RMAAT - Bio-Inspired Transformers

RMAAT: Astrocyte-Inspired Memory Compression and Replay for Efficient Long-Context Transformers

Accepted at ICLR 2026

This research project introduces computational principles derived from astrocytes—glial cells critical for biological memory and synaptic modulation—to address the quadratic complexity bottleneck in Transformers.

Research Motivation

Traditional transformer models face significant computational challenges when processing long sequences due to the quadratic scaling of attention mechanisms. This project addresses these limitations by incorporating biological principles of attention and memory processing.

Core Innovations

🧠 Segment-Based Recurrent Processing: RMAAT processes input sequences in segments. Persistent memory tokens propagate contextual information across segments, maintaining a recurrent state.

🔄 Astrocyte-Inspired Retention Factor (LTP): An adaptive compression mechanism governs memory tokens. A novel retention factor, derived from simulated astrocyte Long-Term Plasticity (LTP), decides what information to keep or discard.

⚡ Linear-Complexity Attention (STP): Within each segment, attention is computed using an efficient, linear-complexity mechanism inspired by astrocyte Short-Term Plasticity (STP), avoiding the O(N^2) cost of standard attention.
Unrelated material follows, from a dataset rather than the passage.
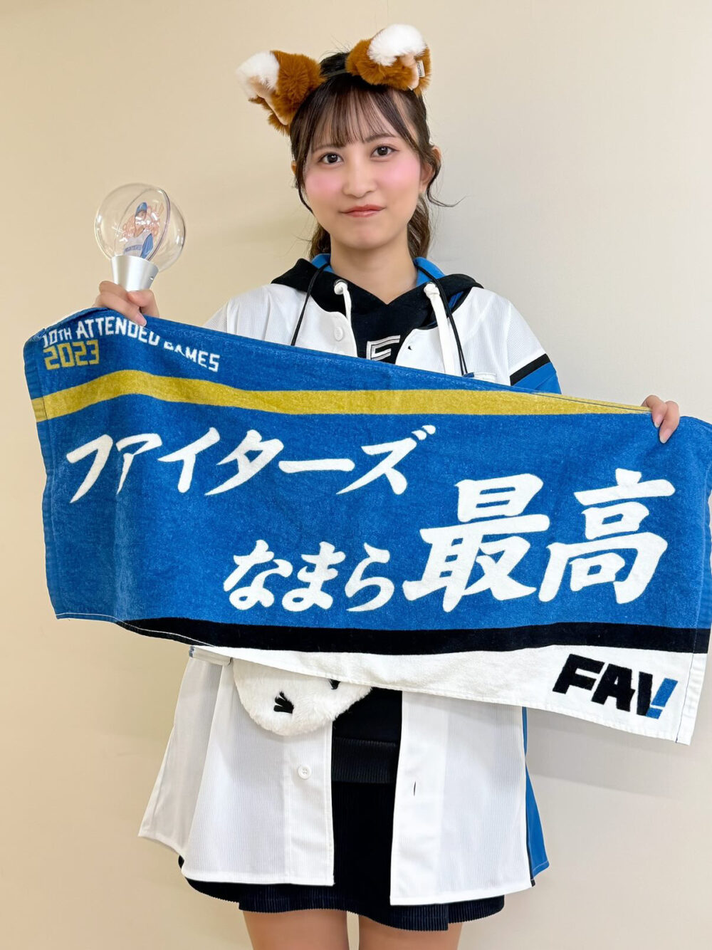 金澤さんは、以前から大のファイターズファンで、東京にいながらもエスコンフィールドでのファイターズ戦を観戦したり、東京でのビジターゲームや現在2軍の本拠地がある千葉県鎌ヶ谷市にも応援に駆けつけるほどの熱烈応援をされています。
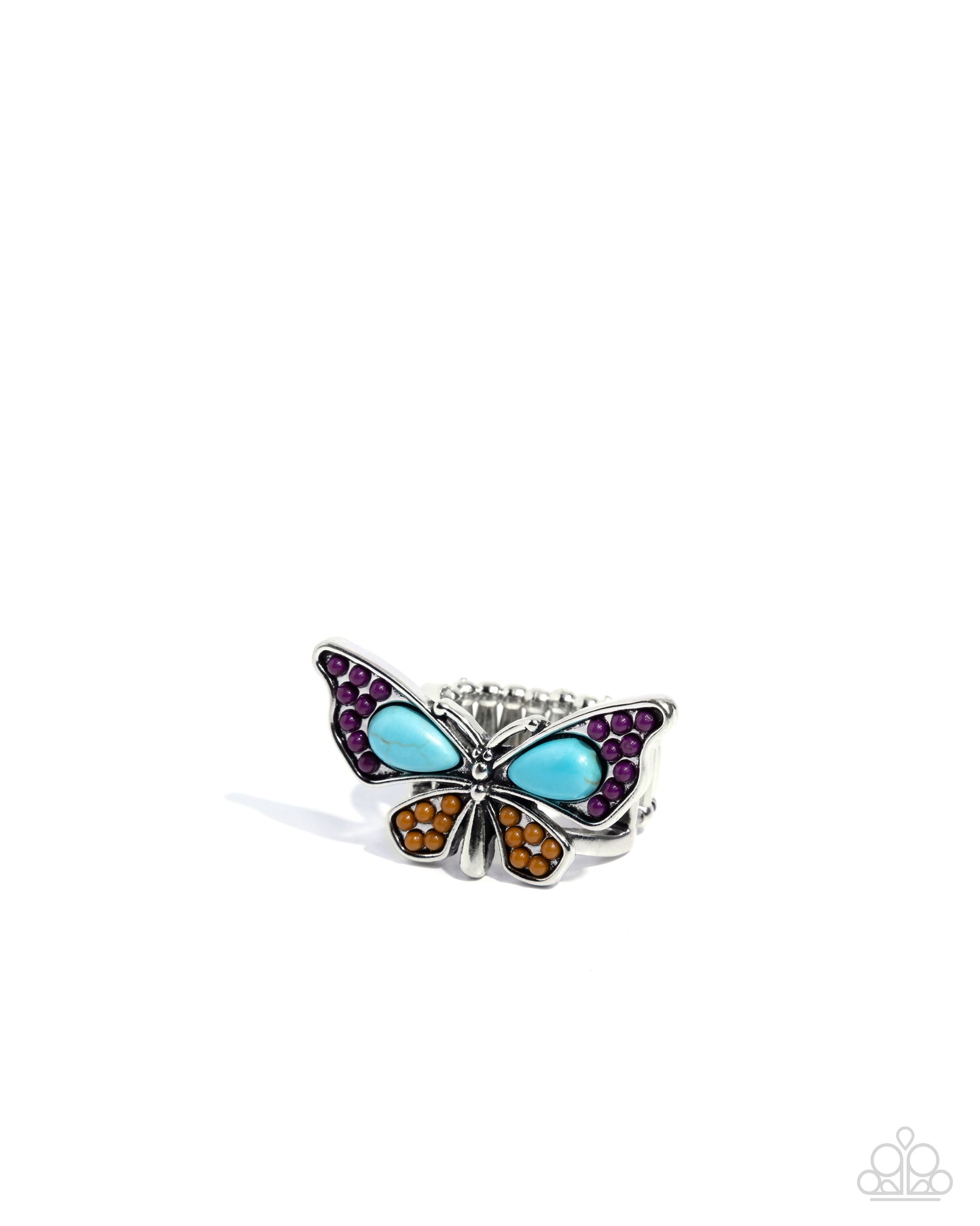 Dotted with Plum and Buckthorn Brown seed beads, a turquoise stone teardrop-embellished dainty silver butterfly flutters atop the finger for a whimsical pop of color. Features a stretchy band for a flexible fit. As the stone elements in this piece are natural, some color variation is normal.

📚 Astrocytic Memory Replay Backpropagation (AMRB): A novel training algorithm designed for memory efficiency in recurrent networks.

Results

Evaluations on the Long Range Arena (LRA) benchmark demonstrate RMAAT’s:

Competitive accuracy compared to standard Transformers.
Substantial improvements in computational efficiency.
Significant reduction in memory usage.

Research Team

Principal Investigator: Md Zesun Ahmed Mia

Collaborators:

Malyaban Bal
Abhronil Sengupta

Institution: Pennsylvania State University

Publication

Conference: International Conference on Learning Representations (ICLR) 2026

Links:

Future Directions

This research opens new avenues for:

Further bio-inspired AI architectures
Enhanced efficiency in large language models
Applications in real-time sequence processing
Integration with neuromorphic computing systems

The work contributes to the broader goal of developing more efficient and biologically plausible artificial intelligence systems.